[[ Data extract, beginning ]]
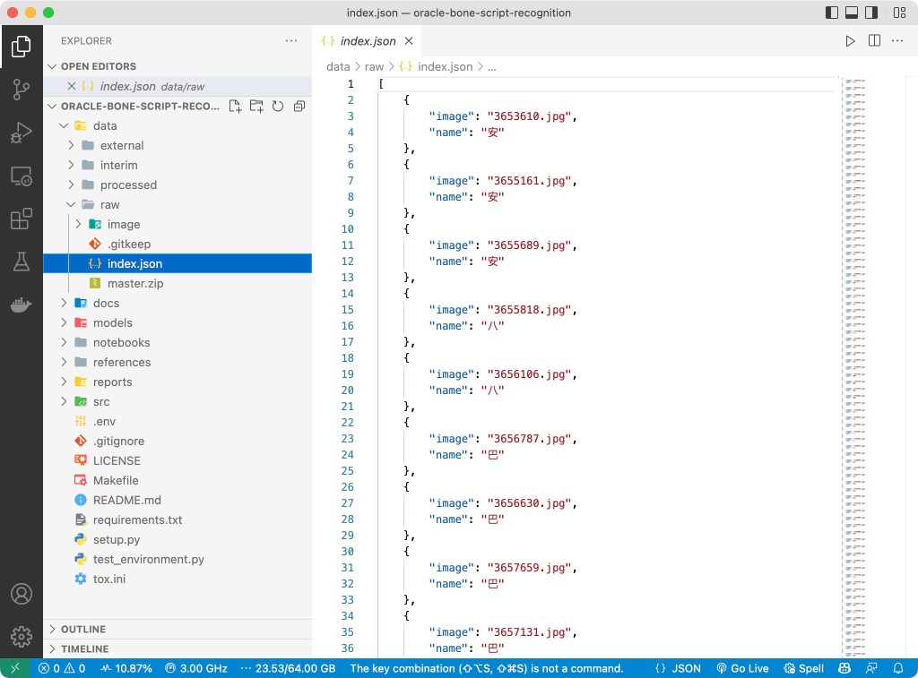 This first challenge is to find a data set with the oracle bone scripts; I found this website 甲骨文 and its GitHub Repo which provided all the script images and image-to-label database I need. The image folder contains 1602 images, and the image name to Chinese character (key-value) pairs are stored in JSON, SQL and DB format, making it the perfect data set for our project startup.
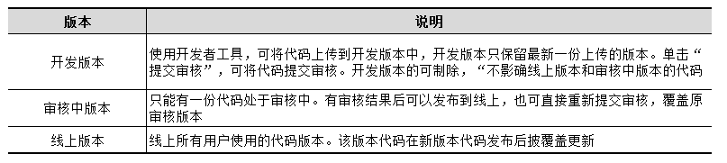 在小程序开发的一般流程中,先由开发者编写代码并自测,直到程序达到一个稳定可体验的状态时,开发者会把这个体验版本交给产品经理和测试人员进行体验测试,最后修复程序的Bug后发布,供外部用户正式使用。小程序的管理后台根据这个流程设计了小程序的不同版本,如表1-8所示。
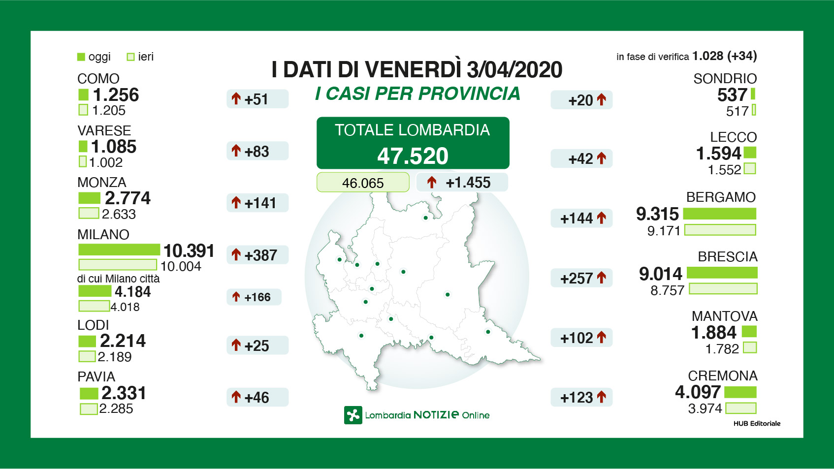 Il fronte del contagio ha subito un leggero incrementi, ma la situazione nel complesso sembra continuare a stabilizzarsi. Le persone contagiate sul territorio secondo i dati Ats di oggi, venerdì 3 aprile, sono 8.163 (sono 218 in più di ieri, mentre il giorno prima l’incremento era stato di 144 positivi). I deceduti sono saliti a 1.447 (+52 rispetto a ieri), ma anche le persone guarite dal coronavirus: sono 3.776 i bresciani che hanno vinto la loro battaglia contro il Covid-19, 167 in più di giovedì.
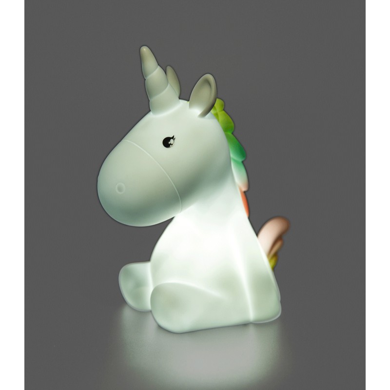 This magical unicorn escorts small and big unicorn fans into the land of nod with its soft light. In plastic, with changing pastel colours, touch function and 15-minute timer. Includes 2 m USB cable, gift box. From 3+ years.
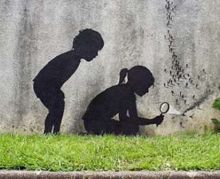 На другой работе испанского художника двое детей увлечены экспериментом с увеличительным стеклом, пытаясь поджечь муравьев солнечными лучами. Жестокая игра, столь популярная среди детей, познающих мир, становится еще более неоднозначной, ведь при ближайшем рассмотрении муравьи на стене оказываются маленькими человечками.
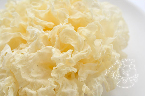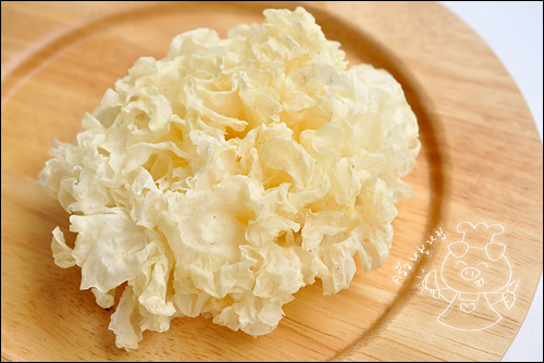 เห็ดหูหนูขาวแห้ง แช่น้ำให้นิ่มเช่นกันค่ะ และซอยเป็นเส้นๆไว้
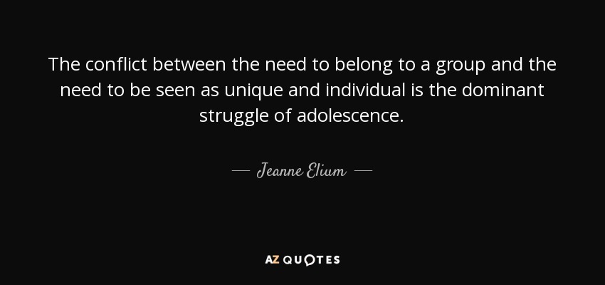 The conflict between the need to belong to a group and the need to be seen as unique and individual is the dominant struggle of adolescence.
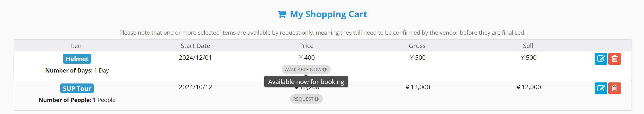 Your shopping cart will indicate which items are AVAILABLE NOW and which are REQUEST. You can make a confirmed booking for AVAILABLE NOW items, REQUEST items will require confirmation from the vendor.
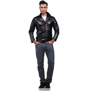 Step into retro cool with our Men's Greaser Jacket, a bold statement piece that embodies the rebellious spirit of 1950s Americana. Crafted from sleek black faux leather, this jacket captures the essence of classic greaser style with its iconic zippered front and rugged yet refined silhouette. Featuring a sharp collar and faux collar buttons, it exudes effortless swagger and timeless appeal, perfect for those who appreciate vintage-inspired fashion with a modern edge. Whether you're revving up your motorcycle or hitting the town with friends, this jacket ensures you command attention with every step. Its sturdy construction ensures both comfort and durability, making it a versatile choice for nights out, themed parties, or adding a touch of retro flair to everyday attire. Embrace the nostalgia of an era defined by rock 'n' roll and rebellion with our Men's Greaser Jacket, where timeless style meets undeniable attitude for the modern-day gentleman with a penchant for classic Americana.
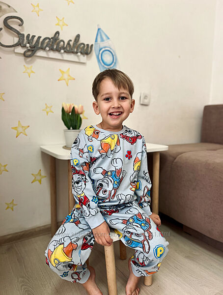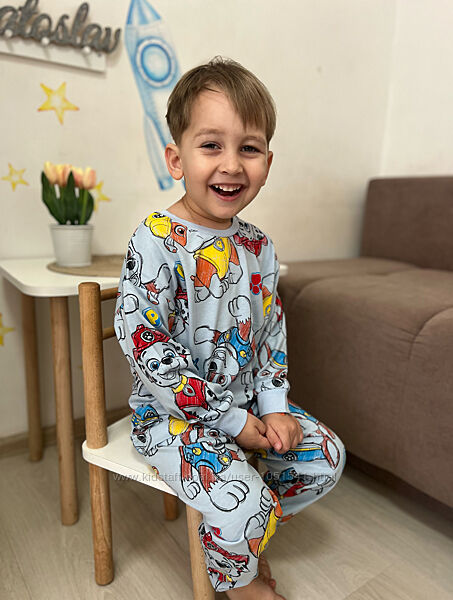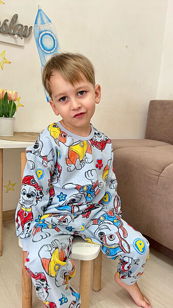 Дитячі трикотажні демісезонні піжами . Штани на резинці і ковта на довгий рукав , з принтом патрульВІК 3-4 ( ) 4-5 р ( кофта ПОГ- 36 см спина - 45 см рукав -33 см штани талія- 23 см довжина- 63 см шаг- 45 см ) ВІК 5-6 р кофта ПОГ- 37 см спина - 46 см рукав - 36 см штани талія - 25 см довжина - 67 см шаг - 48 см ) ВІК 6-7 р кофта ПОГ- 38 см рукав - 41 см спина - 50 см штани талія - 26 см довжина - 73 см шаг - 51 см)ВІК 7-8 р кофта ПОГ- 39 см спина - 51 см рукав - 43 см,штани талія - 27 см довжина - 75 см шаг - 57 см) ВІК 9-10р кофта ПОГ- 41 см спина - 57 см рукав - 45 см,штани талія - 28 см довжина - 84 см шаг - 60 см)
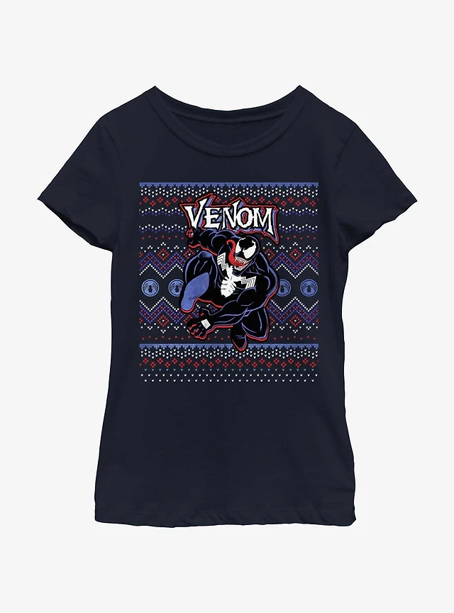 Marvel Venom Venomous Ugly Christmas Youth Girls T-Shirt
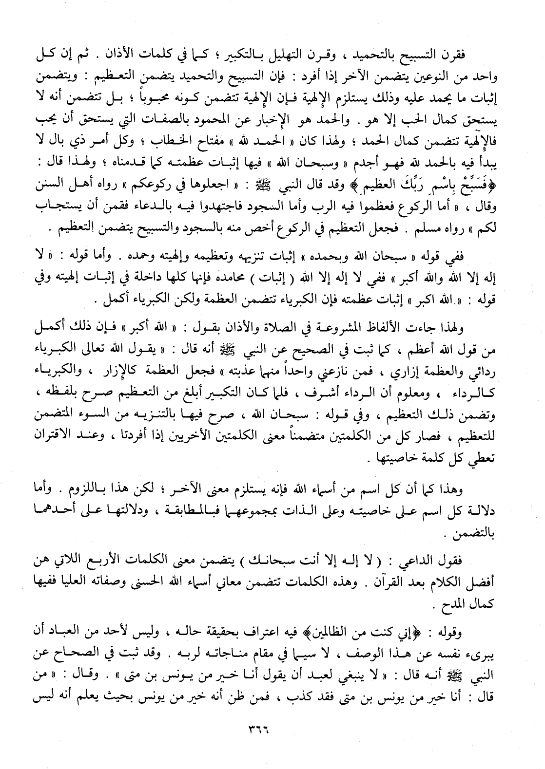 فقرن التَّسْبِيح بالتحميد وَقرن التهليل بِالتَّكْبِيرِ كَمَا فِي كَلِمَات الْأَذَان ثمَّ إِن كل وَاحِد من النَّوْعَيْنِ يتَضَمَّن الآخر إِذا أفرد فَإِن التَّسْبِيح والتحميد يتَضَمَّن التَّعْظِيم ويتضمن إِثْبَات مَا يحمد عَلَيْهِ وَذَلِكَ يسْتَلْزم الإلهية فَإِن الإلهية تَتَضَمَّن كَونه محبوبا بل تَتَضَمَّن أَنه لَا يسْتَحق كَمَال الْحبّ إِلَّا هُوَ وَالْحَمْد هُوَ الْإِخْبَار عَن الْمَحْمُود بِالصِّفَاتِ الَّتِي يسْتَحق أَن يجب فالإلهية تَتَضَمَّن كَمَال الْحَمد وَلِهَذَا كَانَ الْحَمد لله مِفْتَاح الْخطاب وكل أَمر ذِي بَال لَا يبْدَأ فِيهِ بِالْحَمْد لله فَهُوَ أجدم وَسُبْحَان الله فِيهَا إِثْبَات عَظمته كَمَا قدمْنَاهُ وَلِهَذَا قَالَ {فسبح باسم رَبك الْعَظِيم} وَقد قَالَ النَّبِي صلى الله عَلَيْهِ وَسلم اجْعَلُوهَا فِي ركوعكم رَوَاهُ أهل السّنَن وَقَالَ اما الرُّكُوع فَعَظمُوا فِيهِ الرب وَأما السُّجُود فاجتهدوا فِيهِ بِالدُّعَاءِ فقمن أَن يُسْتَجَاب لكم رَوَاهُ مُسلم فَجعل التَّعْظِيم فِي الرُّكُوع أخص مِنْهُ بِالسُّجُود وَالتَّسْبِيح يتَضَمَّن التَّعْظِيم
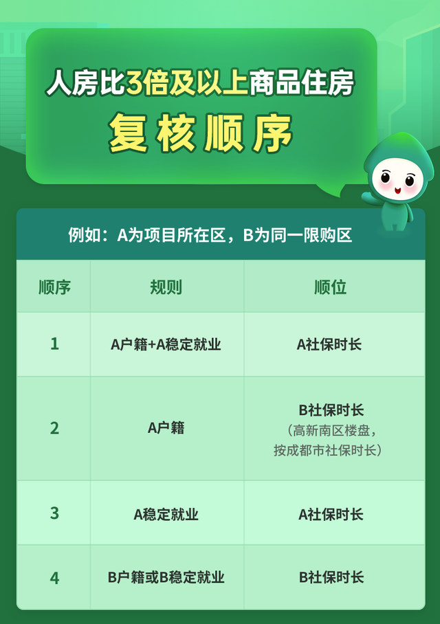 因成都高新南区无“同一住房限购区域”,为避免第二顺序出现大量具备同等条件无房居民家庭或棚改货币化安置住户的情况,对于位于成都高新南区的商品住房项目,若第一顺序加第二顺序的无房居民家庭或棚改货币化安置住户超过其房源数3倍,则第二顺序按其在成都市稳定就业且连续缴纳社保的时间长短依次复核。
[[ Data extract, end ]]
### [Description of the task]
Each entry above should be copied word for word, with the images omitted.

### [Solved problem]
 This first challenge is to find a data set with the oracle bone scripts; I found this website 甲骨文 and its GitHub Repo which provided all the script images and image-to-label database I need. The image folder contains 1602 images, and the image name to Chinese character (key-value) pairs are stored in JSON, SQL and DB format, making it the perfect data set for our project startup.
 在小程序开发的一般流程中,先由开发者编写代码并自测,直到程序达到一个稳定可体验的状态时,开发者会把这个体验版本交给产品经理和测试人员进行体验测试,最后修复程序的Bug后发布,供外部用户正式使用。小程序的管理后台根据这个流程设计了小程序的不同版本,如表1-8所示。
 Il fronte del contagio ha subito un leggero incrementi, ma la situazione nel complesso sembra continuare a stabilizzarsi. Le persone contagiate sul territorio secondo i dati Ats di oggi, venerdì 3 aprile, sono 8.163 (sono 218 in più di ieri, mentre il giorno prima l’incremento era stato di 144 positivi). I deceduti sono saliti a 1.447 (+52 rispetto a ieri), ma anche le persone guarite dal coronavirus: sono 3.776 i bresciani che hanno vinto la loro battaglia contro il Covid-19, 167 in più di giovedì.
 This magical unicorn escorts small and big unicorn fans into the land of nod with its soft light. In plastic, with changing pastel colours, touch function and 15-minute timer. Includes 2 m USB cable, gift box. From 3+ years.
 На другой работе испанского художника двое детей увлечены экспериментом с увеличительным стеклом, пытаясь поджечь муравьев солнечными лучами. Жестокая игра, столь популярная среди детей, познающих мир, становится еще более неоднозначной, ведь при ближайшем рассмотрении муравьи на стене оказываются маленькими человечками.
 เห็ดหูหนูขาวแห้ง แช่น้ำให้นิ่มเช่นกันค่ะ และซอยเป็นเส้นๆไว้
 The conflict between the need to belong to a group and the need to be seen as unique and individual is the dominant struggle of adolescence.
 Your shopping cart will indicate which items are AVAILABLE NOW and which are REQUEST. You can make a confirmed booking for AVAILABLE NOW items, REQUEST items will require confirmation from the vendor.
 Step into retro cool with our Men's Greaser Jacket, a bold statement piece that embodies the rebellious spirit of 1950s Americana. Crafted from sleek black faux leather, this jacket captures the essence of classic greaser style with its iconic zippered front and rugged yet refined silhouette. Featuring a sharp collar and faux collar buttons, it exudes effortless swagger and timeless appeal, perfect for those who appreciate vintage-inspired fashion with a modern edge. Whether you're revving up your motorcycle or hitting the town with friends, this jacket ensures you command attention with every step. Its sturdy construction ensures both comfort and durability, making it a versatile choice for nights out, themed parties, or adding a touch of retro flair to everyday attire. Embrace the nostalgia of an era defined by rock 'n' roll and rebellion with our Men's Greaser Jacket, where timeless style meets undeniable attitude for the modern-day gentleman with a penchant for classic Americana.
 Дитячі трикотажні демісезонні піжами . Штани на резинці і ковта на довгий рукав , з принтом патрульВІК 3-4 ( ) 4-5 р ( кофта ПОГ- 36 см спина - 45 см рукав -33 см штани талія- 23 см довжина- 63 см шаг- 45 см ) ВІК 5-6 р кофта ПОГ- 37 см спина - 46 см рукав - 36 см штани талія - 25 см довжина - 67 см шаг - 48 см ) ВІК 6-7 р кофта ПОГ- 38 см рукав - 41 см спина - 50 см штани талія - 26 см довжина - 73 см шаг - 51 см)ВІК 7-8 р кофта ПОГ- 39 см спина - 51 см рукав - 43 см,штани талія - 27 см довжина - 75 см шаг - 57 см) ВІК 9-10р кофта ПОГ- 41 см спина - 57 см рукав - 45 см,штани талія - 28 см довжина - 84 см шаг - 60 см)
 Marvel Venom Venomous Ugly Christmas Youth Girls T-Shirt
 فقرن التَّسْبِيح بالتحميد وَقرن التهليل بِالتَّكْبِيرِ كَمَا فِي كَلِمَات الْأَذَان ثمَّ إِن كل وَاحِد من النَّوْعَيْنِ يتَضَمَّن الآخر إِذا أفرد فَإِن التَّسْبِيح والتحميد يتَضَمَّن التَّعْظِيم ويتضمن إِثْبَات مَا يحمد عَلَيْهِ وَذَلِكَ يسْتَلْزم الإلهية فَإِن الإلهية تَتَضَمَّن كَونه محبوبا بل تَتَضَمَّن أَنه لَا يسْتَحق كَمَال الْحبّ إِلَّا هُوَ وَالْحَمْد هُوَ الْإِخْبَار عَن الْمَحْمُود بِالصِّفَاتِ الَّتِي يسْتَحق أَن يجب فالإلهية تَتَضَمَّن كَمَال الْحَمد وَلِهَذَا كَانَ الْحَمد لله مِفْتَاح الْخطاب وكل أَمر ذِي بَال لَا يبْدَأ فِيهِ بِالْحَمْد لله فَهُوَ أجدم وَسُبْحَان الله فِيهَا إِثْبَات عَظمته كَمَا قدمْنَاهُ وَلِهَذَا قَالَ {فسبح باسم رَبك الْعَظِيم} وَقد قَالَ النَّبِي صلى الله عَلَيْهِ وَسلم اجْعَلُوهَا فِي ركوعكم رَوَاهُ أهل السّنَن وَقَالَ اما الرُّكُوع فَعَظمُوا فِيهِ الرب وَأما السُّجُود فاجتهدوا فِيهِ بِالدُّعَاءِ فقمن أَن يُسْتَجَاب لكم رَوَاهُ مُسلم فَجعل التَّعْظِيم فِي الرُّكُوع أخص مِنْهُ بِالسُّجُود وَالتَّسْبِيح يتَضَمَّن التَّعْظِيم
 因成都高新南区无“同一住房限购区域”,为避免第二顺序出现大量具备同等条件无房居民家庭或棚改货币化安置住户的情况,对于位于成都高新南区的商品住房项目,若第一顺序加第二顺序的无房居民家庭或棚改货币化安置住户超过其房源数3倍,则第二顺序按其在成都市稳定就业且连续缴纳社保的时间长短依次复核。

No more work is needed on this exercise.